▶ **REQUIREMENT**
Beginning at the line that contains "跨度分析:历史100期跨度大" and finishing at the line that contains "HD Infinity 58", output the data below exactly. Include both end lines and no pictures.

▶ **GIVEN INFORMATION**
- - - - - - -
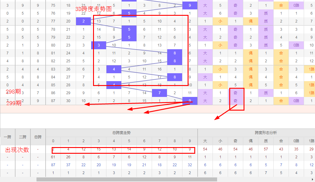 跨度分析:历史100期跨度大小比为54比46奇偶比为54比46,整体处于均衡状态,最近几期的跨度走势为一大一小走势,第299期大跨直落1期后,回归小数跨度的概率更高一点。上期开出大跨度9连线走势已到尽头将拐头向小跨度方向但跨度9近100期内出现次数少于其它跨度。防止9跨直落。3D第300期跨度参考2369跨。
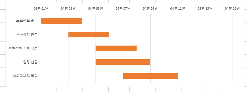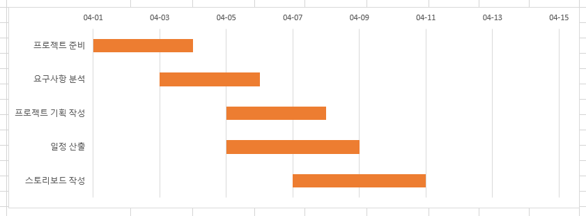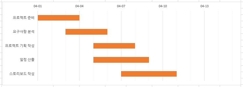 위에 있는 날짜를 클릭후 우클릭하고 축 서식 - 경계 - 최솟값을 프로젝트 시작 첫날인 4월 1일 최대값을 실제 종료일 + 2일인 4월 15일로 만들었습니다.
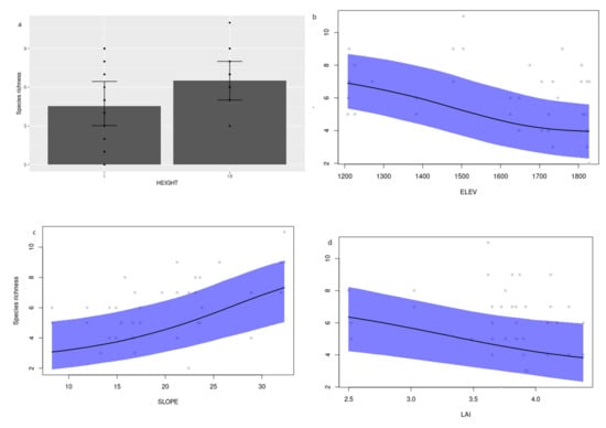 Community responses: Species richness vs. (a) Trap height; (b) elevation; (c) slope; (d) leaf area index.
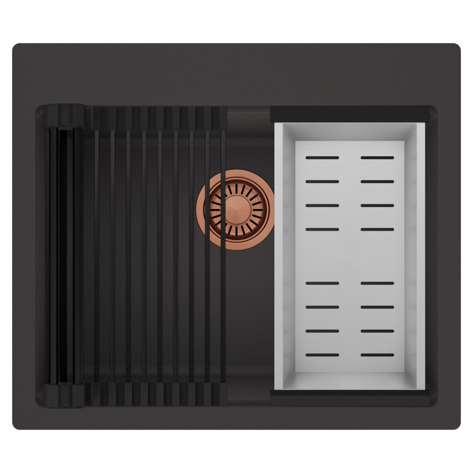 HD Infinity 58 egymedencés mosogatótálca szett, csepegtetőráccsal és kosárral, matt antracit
- - - - - - -
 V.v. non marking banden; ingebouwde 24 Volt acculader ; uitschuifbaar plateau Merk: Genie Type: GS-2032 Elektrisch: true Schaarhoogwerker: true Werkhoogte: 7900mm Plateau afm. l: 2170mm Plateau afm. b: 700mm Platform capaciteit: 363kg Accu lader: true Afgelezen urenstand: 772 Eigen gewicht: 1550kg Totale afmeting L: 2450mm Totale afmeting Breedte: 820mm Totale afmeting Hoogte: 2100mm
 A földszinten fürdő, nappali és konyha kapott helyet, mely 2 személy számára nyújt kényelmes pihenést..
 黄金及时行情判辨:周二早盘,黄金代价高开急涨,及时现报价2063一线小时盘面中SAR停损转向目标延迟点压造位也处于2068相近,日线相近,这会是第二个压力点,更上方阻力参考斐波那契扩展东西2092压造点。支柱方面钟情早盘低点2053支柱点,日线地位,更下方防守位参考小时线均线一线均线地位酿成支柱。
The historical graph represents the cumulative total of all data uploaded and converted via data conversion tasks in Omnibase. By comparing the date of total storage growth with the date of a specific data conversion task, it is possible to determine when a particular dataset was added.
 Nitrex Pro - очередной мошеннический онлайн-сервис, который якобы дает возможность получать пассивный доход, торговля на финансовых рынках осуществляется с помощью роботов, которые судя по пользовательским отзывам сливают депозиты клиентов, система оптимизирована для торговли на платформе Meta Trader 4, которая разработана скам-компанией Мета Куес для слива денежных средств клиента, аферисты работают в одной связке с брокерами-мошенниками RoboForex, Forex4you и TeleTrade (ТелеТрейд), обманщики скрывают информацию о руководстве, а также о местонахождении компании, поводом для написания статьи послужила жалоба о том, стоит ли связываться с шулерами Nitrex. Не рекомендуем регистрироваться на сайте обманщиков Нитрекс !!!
- - - - - - -
▶ **WRITTEN SOLUTION**
 跨度分析:历史100期跨度大小比为54比46奇偶比为54比46,整体处于均衡状态,最近几期的跨度走势为一大一小走势,第299期大跨直落1期后,回归小数跨度的概率更高一点。上期开出大跨度9连线走势已到尽头将拐头向小跨度方向但跨度9近100期内出现次数少于其它跨度。防止9跨直落。3D第300期跨度参考2369跨。
 위에 있는 날짜를 클릭후 우클릭하고 축 서식 - 경계 - 최솟값을 프로젝트 시작 첫날인 4월 1일 최대값을 실제 종료일 + 2일인 4월 15일로 만들었습니다.
 Community responses: Species richness vs. (a) Trap height; (b) elevation; (c) slope; (d) leaf area index.
 HD Infinity 58 egymedencés mosogatótálca szett, csepegtetőráccsal és kosárral, matt antracit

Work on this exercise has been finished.